What is needed is a verbatim copy of the data, minus the pictures.

• _Dataset content_
++++++++++++++++++++
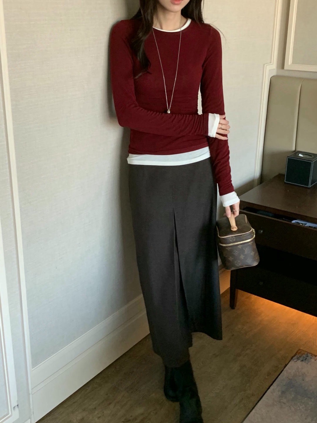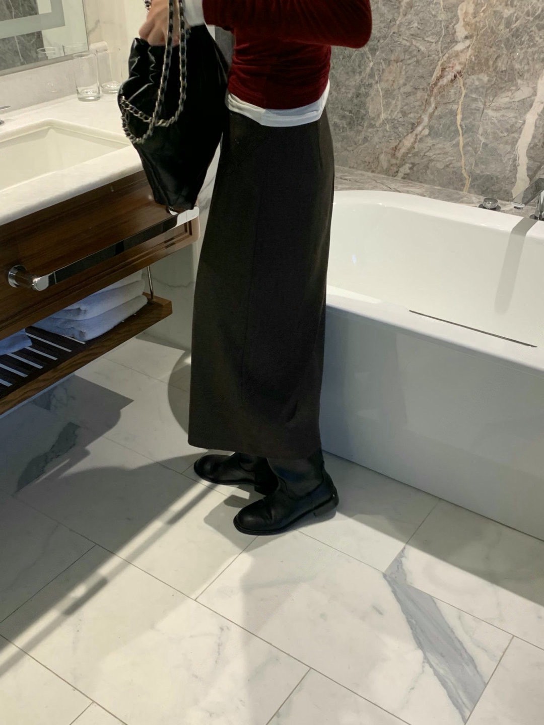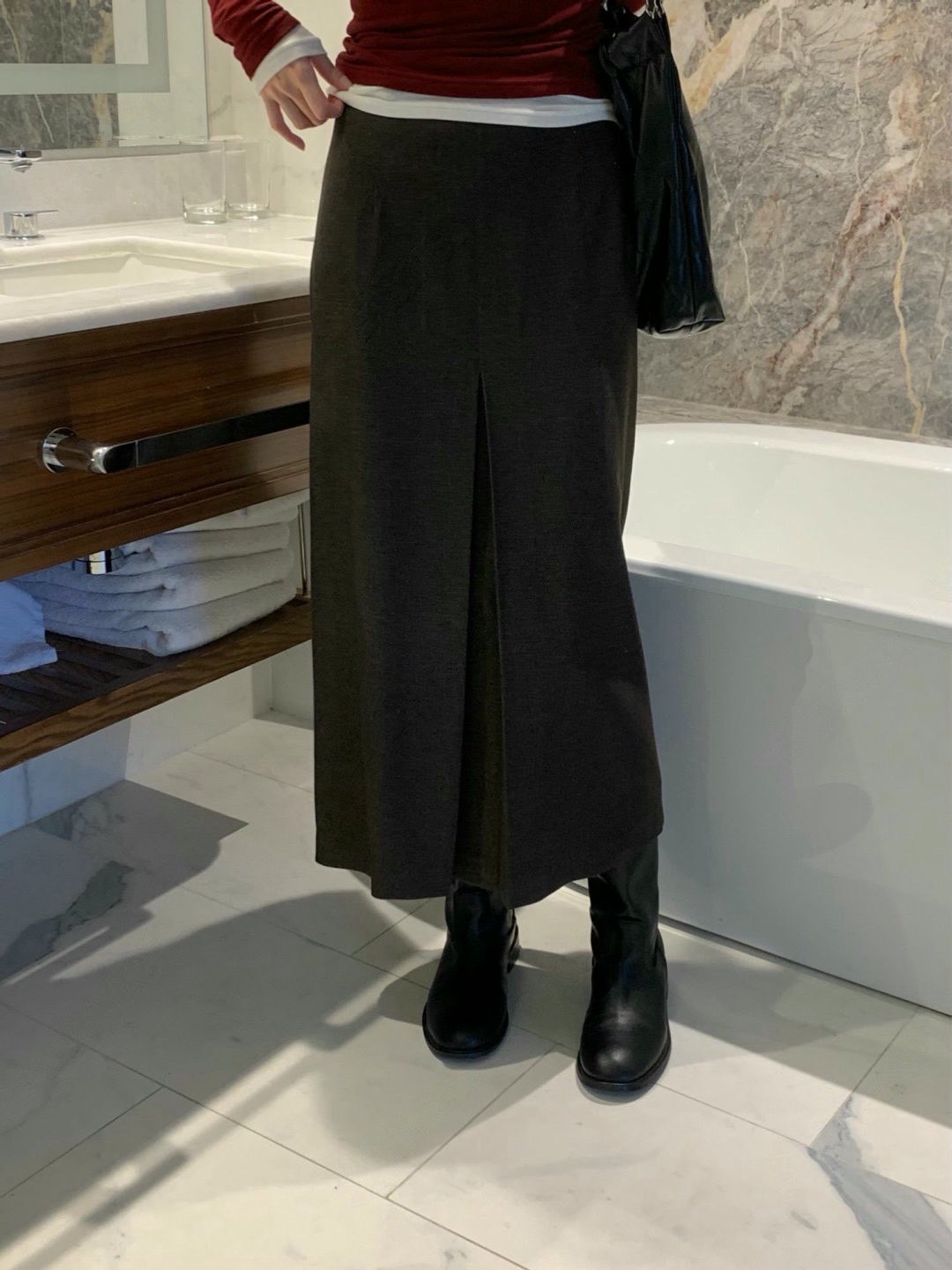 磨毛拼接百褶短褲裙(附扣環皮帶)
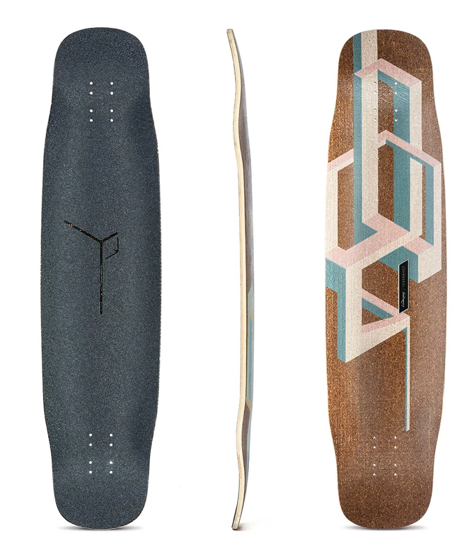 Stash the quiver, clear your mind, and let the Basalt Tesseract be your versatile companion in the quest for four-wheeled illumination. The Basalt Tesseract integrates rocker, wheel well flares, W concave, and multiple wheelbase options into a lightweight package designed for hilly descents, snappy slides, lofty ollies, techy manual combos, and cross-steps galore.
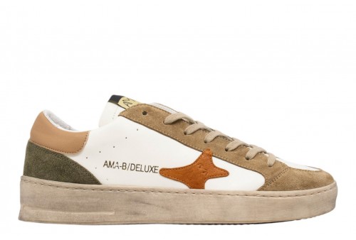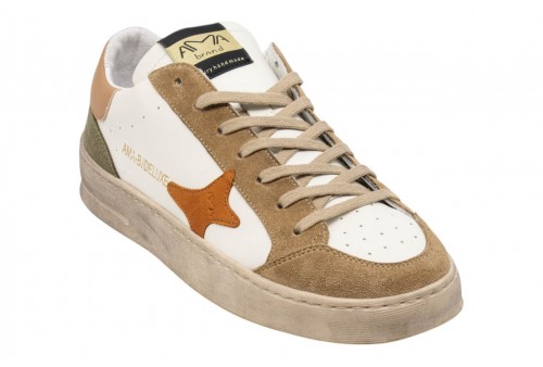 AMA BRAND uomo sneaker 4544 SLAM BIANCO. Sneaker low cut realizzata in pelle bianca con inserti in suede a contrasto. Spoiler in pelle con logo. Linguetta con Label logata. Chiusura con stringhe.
++++++++++++++++++++
• _Result_
 磨毛拼接百褶短褲裙(附扣環皮帶)
 Stash the quiver, clear your mind, and let the Basalt Tesseract be your versatile companion in the quest for four-wheeled illumination. The Basalt Tesseract integrates rocker, wheel well flares, W concave, and multiple wheelbase options into a lightweight package designed for hilly descents, snappy slides, lofty ollies, techy manual combos, and cross-steps galore.
 AMA BRAND uomo sneaker 4544 SLAM BIANCO. Sneaker low cut realizzata in pelle bianca con inserti in suede a contrasto. Spoiler in pelle con logo. Linguetta con Label logata. Chiusura con stringhe.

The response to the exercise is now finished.